This invention relates generally to the field of methods and apparatus for pitting fruits of the drupe type. More particularly, it relates to apparatus for selectively torque pitting such fruits having sound pits and for automatically and selectively spoon pitting such fruit having split pits, irrespective of the order in which fruit having sound pits and fruit having split pits are presented to the pitting station.
The most common method and apparatus used in pitting fruits of the drupe type, such as peaches, apricots and the like, provide for torque pitting the fruit. In this technique the fruit body halves are substantially bisected and the pit is gripped against rotation while the fruit body halves are rotated relative to and about an axis extending through the pit, thus twisting the fruit body halves free of the pit. However, it is not uncommon for some of the fruit presented to the pitting station to have unsound or split pits, these fruits being intermingled with other such fruit having sound pits. If the torque pitting technique is used with fruit having a split pit, generally all that is accomplished is the bisecting of the fruit and its split pit into two halves and then passing the fruit body halves with their attached pit halves onto subsequent stations where these fruit body halves must be repitted with a coring spoon to remove the split pit halves.

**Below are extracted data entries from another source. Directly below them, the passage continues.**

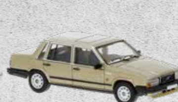
Volvo 740 , gold, 1984 Nr. PCX870660 22.95 € ▲
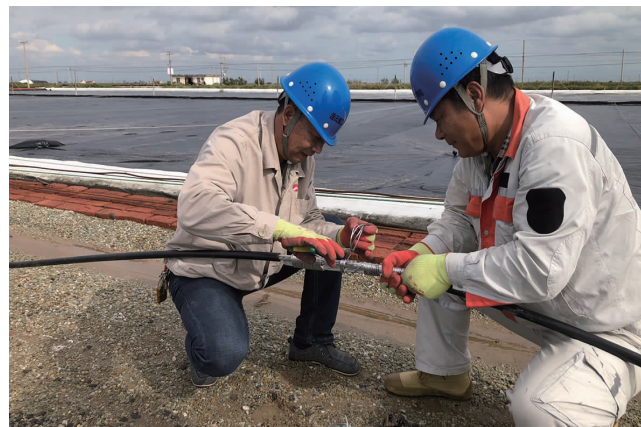
秋季扒盐以来,灌西供电所切实加强电网维护,落实好24小时值班制度,对涉及扒盐的垮新线、二新线、柴路等3条10KV线路进行拉网式检修,加大巡视力度。处理2台变压器缺相故障,及时更换2只漏电保护器和120米10KV线路,全力以赴保证秋扒进行。(武文)

深入打好资源挖潜牌。谋划举措,理清资源,摸清承租商户,变租为用,改变以租为主状态。同时努力学习市场知识,提高资源开发能力,将资源牌打好打响。(北宣)
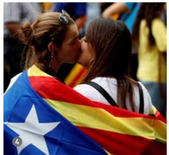
Milers de persones omplen el passeig de Gràcia de Barcelona en la manifestació unitària de la vaga general.
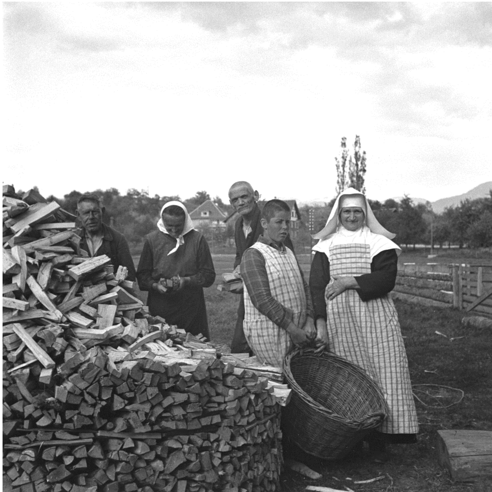
Bewohnerinnen und Bewohner des Armenhauses Mauren (Tschugmell-Fotoarchiv, Gemeindearchiv Mauren, Foto: Fridolin Tschugmell).
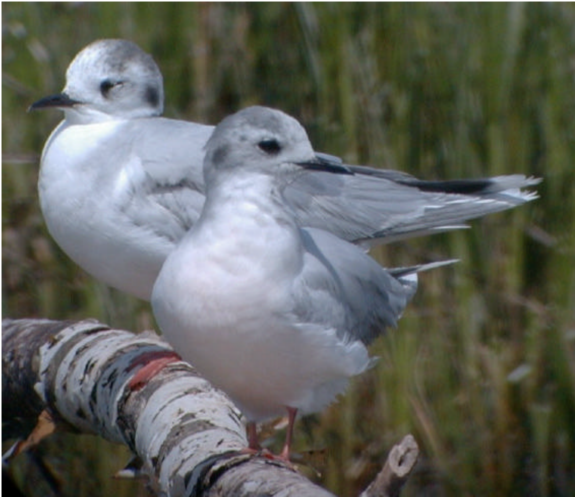
Gavines menudes a la maresma, des de l'aguait de la maresma

Gavina Cendrosa Larus canus : 1 ex. adult al camí de València el 3.III (FLSA, I. Valls, V. Sanz).
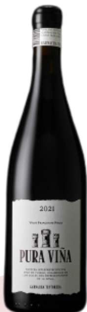
VINO TINTO PURA VIÑA 982 GARNACHA TINTORERA VARIETAL: GARNACHA TINTORERA (75 cl)
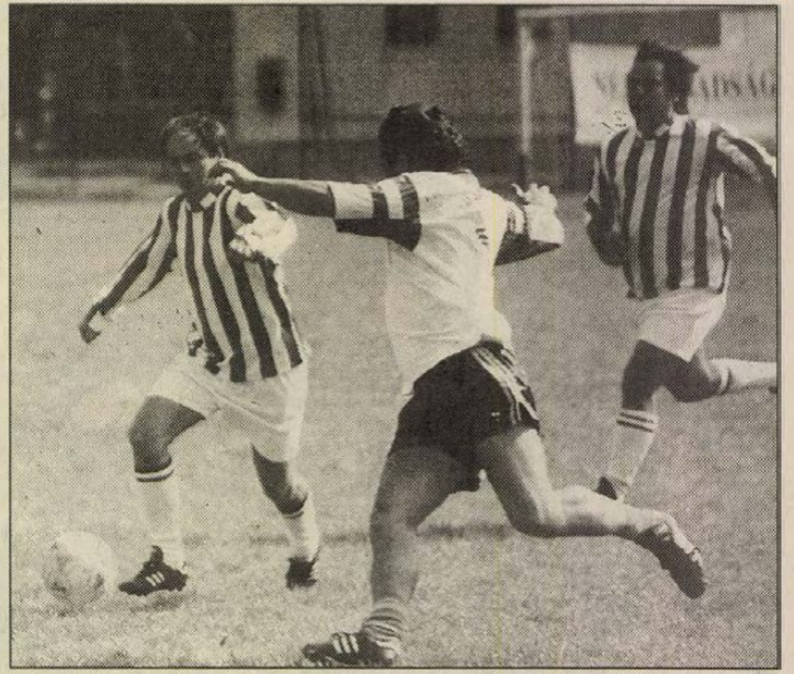
A Kismaros-Balatonfenyves (5-0) mérkőzésen a csikos mezés hazaiak hengereltek
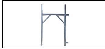
Rahmen der Fassade 1 m 12079100s 1252849
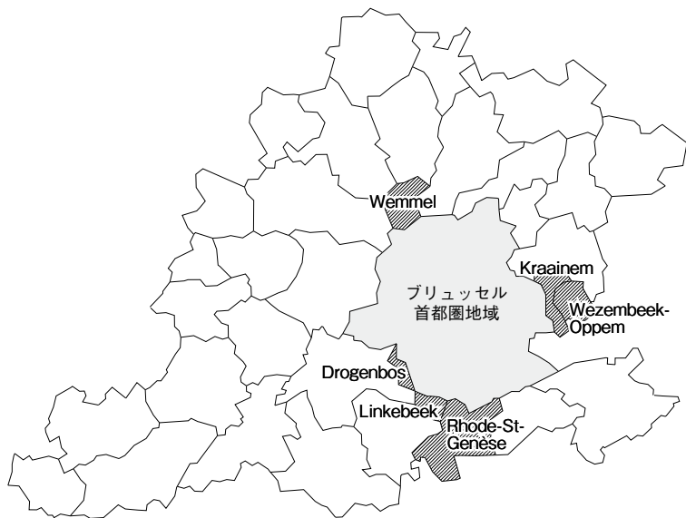
図2 ブリュッセル周辺の言語特別措置地区（斜線部分）

化し、その結果、同決議案の本会議での一括採決は不可能となり、三月三日同決議案は、①連邦制における、補完性の原則や欧州統合との整合性、二大共同体からなる連邦制などを確認した「一般原則と目的」、②「財政の自律性」、③「ブリュッセル問題」、④「権限の委譲」、⑤「その他の懸念事項」の五つに分けて採決が行われ、それぞれが可決された。これらの決議は結果として、連邦制の制度面、権限の配分、財政基盤に関して現行の体制の大きな変更を目指すものであった。とくに制度では、二つの連邦構成「国家」(États fédérés フランデレンとワロンフランス語圏)と、付与される権限がより限定的な二つの連邦構成「領土」(territoires fédérés ブリュッセル首都圏地域とドイツ語共同体)の設立が目指されていた (Pagano 2000: 7)。 このように、フランデレン憲法試案が目指した諸主張の一部は、フランデレン議会における決議として実質的なものとなったが、それは一九九九年以降、連邦レベルの論議へとつながっていく。
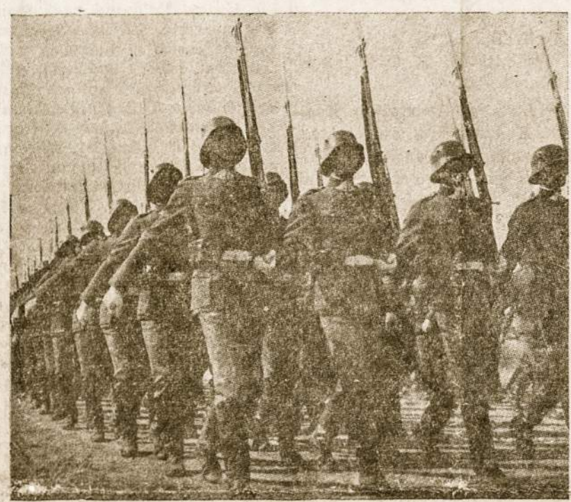
Lietuvos kariuomenės šventė, kuri švenčiama lapkričio mėn. 23 d. yra laisvės simbolis ir garantija.

Taigi belieka palinkėti, kad šis bendradarbiavimas atneštų kuo geriausių vaisių.
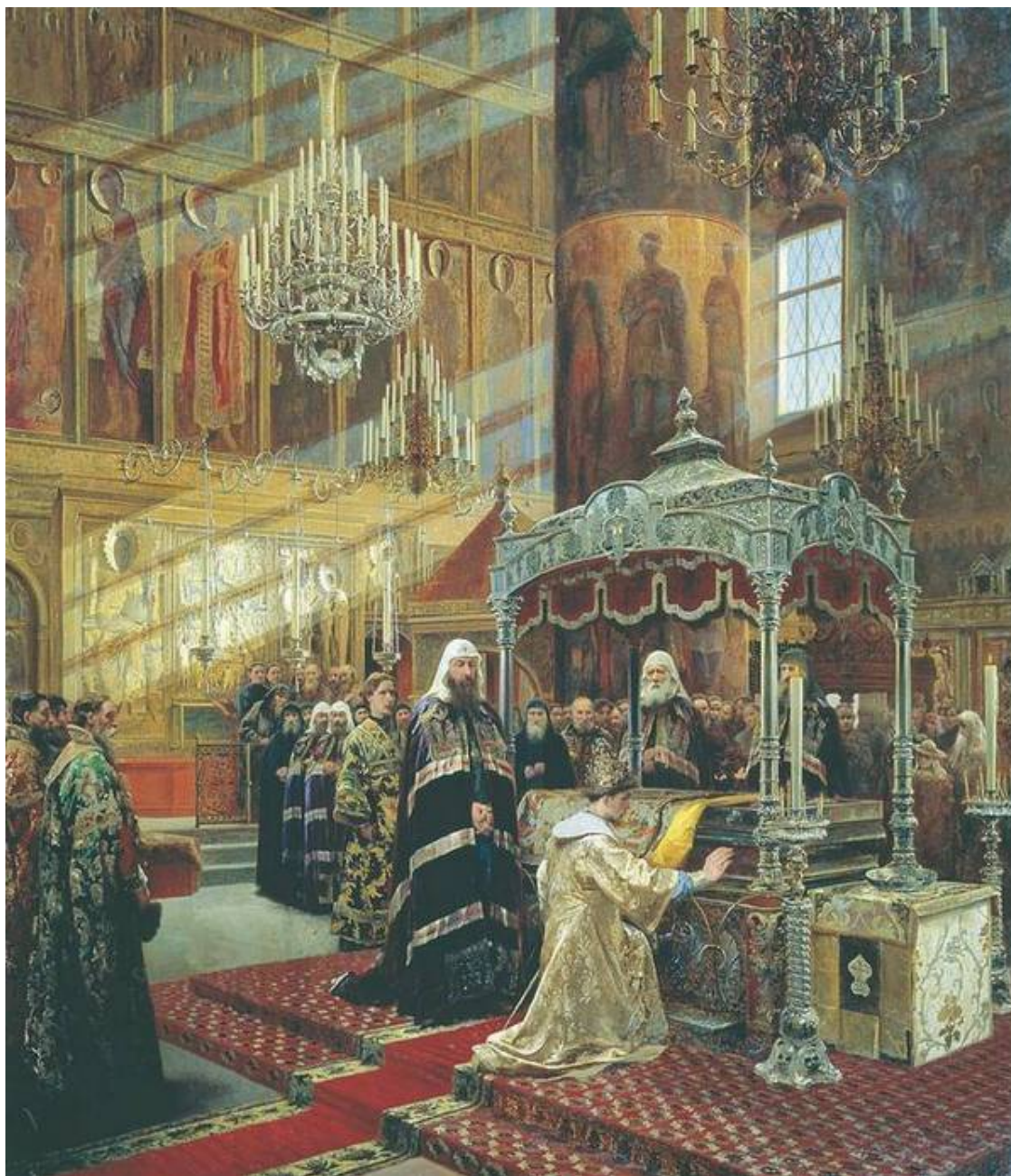
Царь Алексей Михайлович и Никон у гроба святого Филиппа. С картины Александра Литовченко

православных. Им казалось, что вводится какая-то новая, «нерусская» вера. В результате люди одной веры раскололись на два непримиримых лагеря заклятых врагов: сторонников реформ и приверженцев старых обрядов – старообрядцев, которых власти называли раскольниками. Всякое сопротивление никонианству, то есть официальной церкви, рассматривалось как преступление и жестоко каралось. Старообрядцев преследовали, унижали, убивали, а они, гордые своей преданностью вере отцов и дедов, уходили в леса, основывали там «скиты», в которых сжигали себя при попытке их арестовать.
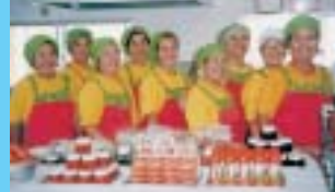
“きむたか加工所”のメンバー
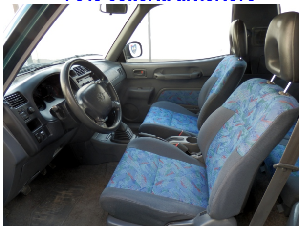
Visibili i sedili per intero, il cruscotto e il volante.
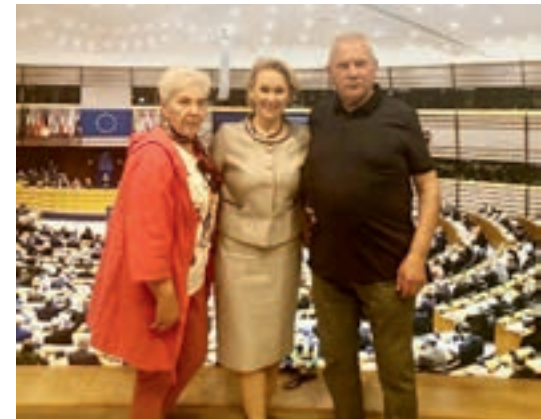
Wycieczka do Brukseli
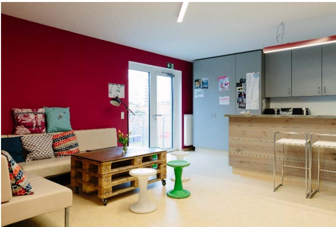
Der neue Jugendbereich.
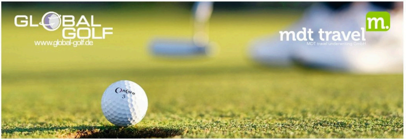
Änderungen vorbehalten, Stand: 02/2026
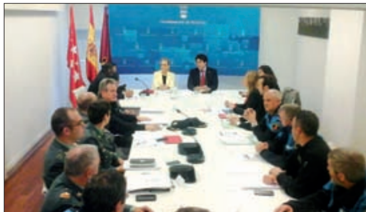
Cristina Cifuentes, en la Junta de Seguridad de Alcorcón

Llegó a la Delegación en enero de 2012, cuando todavía daba coletazos el movimiento 15M, y confesó que ella no hubiera dejado que acamparan durante casi tres meses en la Puerta del Sol, planteando como alternativa que los 'indignados' se fueran a la Casa de Campo y reconociendo que se infiltró en una asamblea del 15M
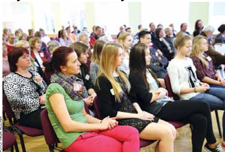
Forumā dalībnieki gatavoja diskusijām.

Pēc iedzīvotāju foruma rezultātu apkopojuma strādāsīm pie Ķekavas novada fonda izveides. Pārmaiņas mūsu sabiedrībā un jauni projekti pēc foruma lielā mērā būs atkarīgi no mums pašiem. Ja būs cilvēki, kuri gribēs idejas īstenot, risinājumu kopīgi ar Ķekavas novada fondu atradīsim.
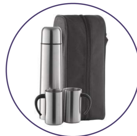
Термос и 2 кружки
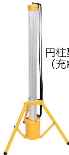
円柱型照明 (充電式)
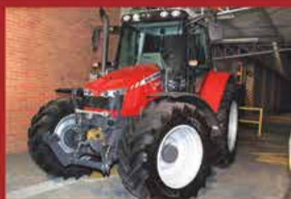
Lançamento | Série Dyna 4
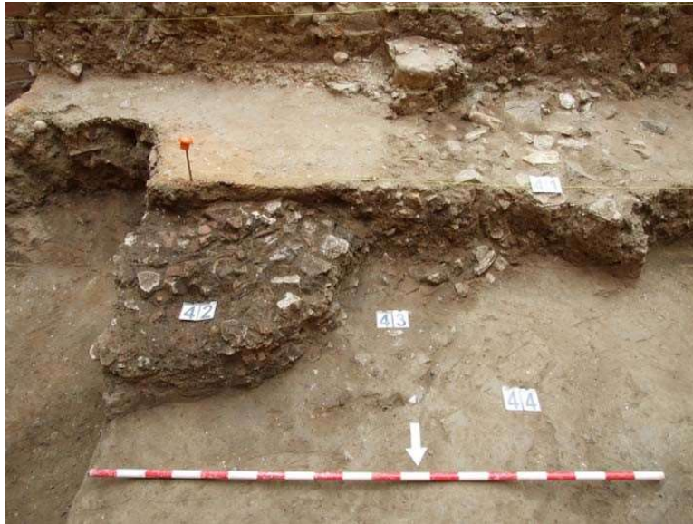
FIGURA 4. VERTIDO UE 42 Y PREPARACION DE PAVIMENTO UES 40B, 40 Y 39

Otro retazo de pavimento es SL-33, sobre UE-42, aunque conserva solo unos centímetros cuadrados sobre el perfil norte, formando conjunto constructivo con un resto de enlucido pintado en rojo que reviste la cara meridional del muro MR-35, de características similares a MR-65.
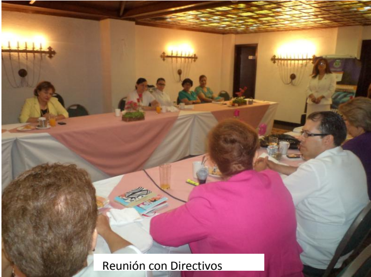
Reunión con Directivos
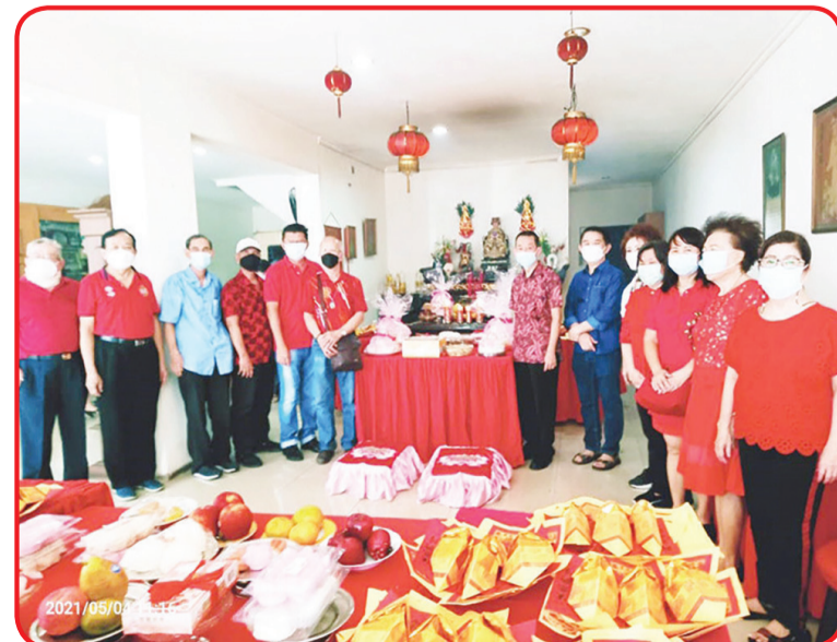
Yayasan Sosial Laut Selatan Jakarta mengadakan upacara sederhana untuk merayakan hari kelahiran Dewi Mazu.
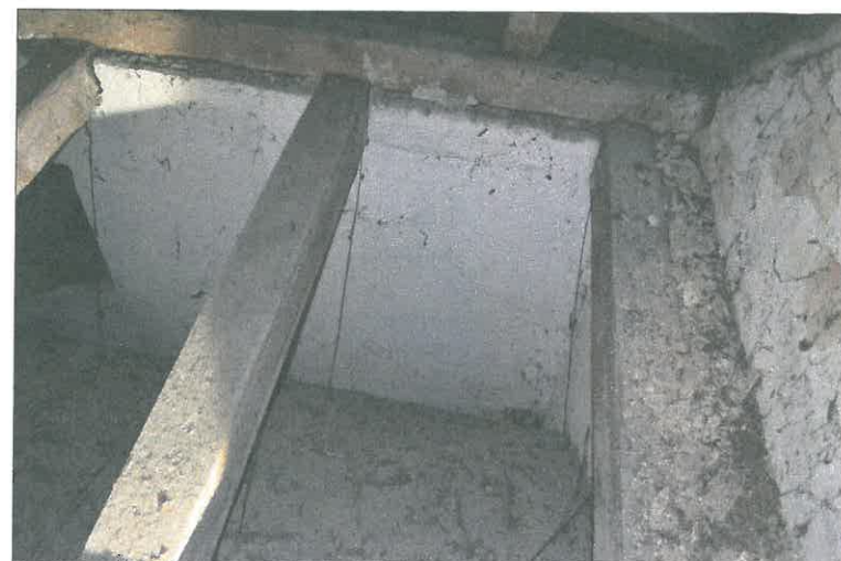
FOT. 10 Wieżba dachowa - prezbiterium.
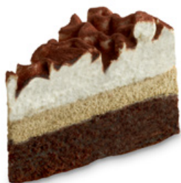
8962 | Řez cafe latte | 100 g

One seemingly obvious solution to the problem is use a spoon pitting machine to cut a core including the split pit from each of the fruits presented, regardless of whether the fruit has a split or sound pit. However, since a spoon pitting machine must necessarily cut a core from each fruit at least as large as the largest pit anticipated, it necessarily removes some of the pulp, or meat, adjacent the pit in order that it may stay clear of the pit itself. This causes a loss of salable fruit pulp from fruit having sound pits, which loss would not occur had torque pitting been used. Various compromise solutions to this problem have been attempted by canners. One such solution has been the provision of separate torque pitting and spoon pitting lines in the canneries with batches of fruits suspected of having a high incidence of split pits being processed along the spoon pitting line and all other fruit being processed along the torque pitting line. This compromise has been unsatisfactory both in its requirement for different sets of torque pitting and spoon pitting equipment, some of which may lie idle if fruit having split pits or sound pits is not available. Additionally, there likely will remain the requirement for spoon pitting the still substantial number of split pit fruit processed along the torque pitting line.
An improvement over the initial compromise may be found by using equipment similar to that disclosed in Brown U.S. Pat. No. 3,829,591 in which a single machine may be configured to operate in a torque pitting mode or, by appropriate modification, to operate in the spoon pitting mode. The apparatus of Brown thus reduces the necessity for separate types of equipment. However, the Brown apparatus operates continuously in the selected one of the two modes, regardless of whether the fruit presented has split or sound pits, until the processing line is shut down and the machine altered to operate continuously in the other mode. Thus, this Brown apparatus may still attempt torque pitting on fruit having split pits or may spoon pit a substantial number of fruit having sound pits, an inefficient procedure in either condition.
A futher advance has been effected by the selective pitting apparatus of Spence U.S. Pat. No. 4,054,675, in which a single pitting apparatus detects the presence of split or sound pits and adjusts the apparatus accordingly. Thus, with the Spence apparatus fruit having sound pits may be torque pitted, to reduce the loss of available fruit pulp, while fruit having split pits would generally be spoon pitted, as required. By the provision of such selective apparatus the unnecessary and wasteful duplication of equipment may be reduced and a substantially higher yield of properly pitted fruit obtained. However, even when the Spence apparatus is in its spoon pitting mode, it requires that the fruit halves be rotated through a full circle relative to a stationary coring knife and about an axis normal to the plane of the fruit suture, a procedure which may both tear the pulp of the fruit and may also cut the core substantially larger than necessary for removal of the pit.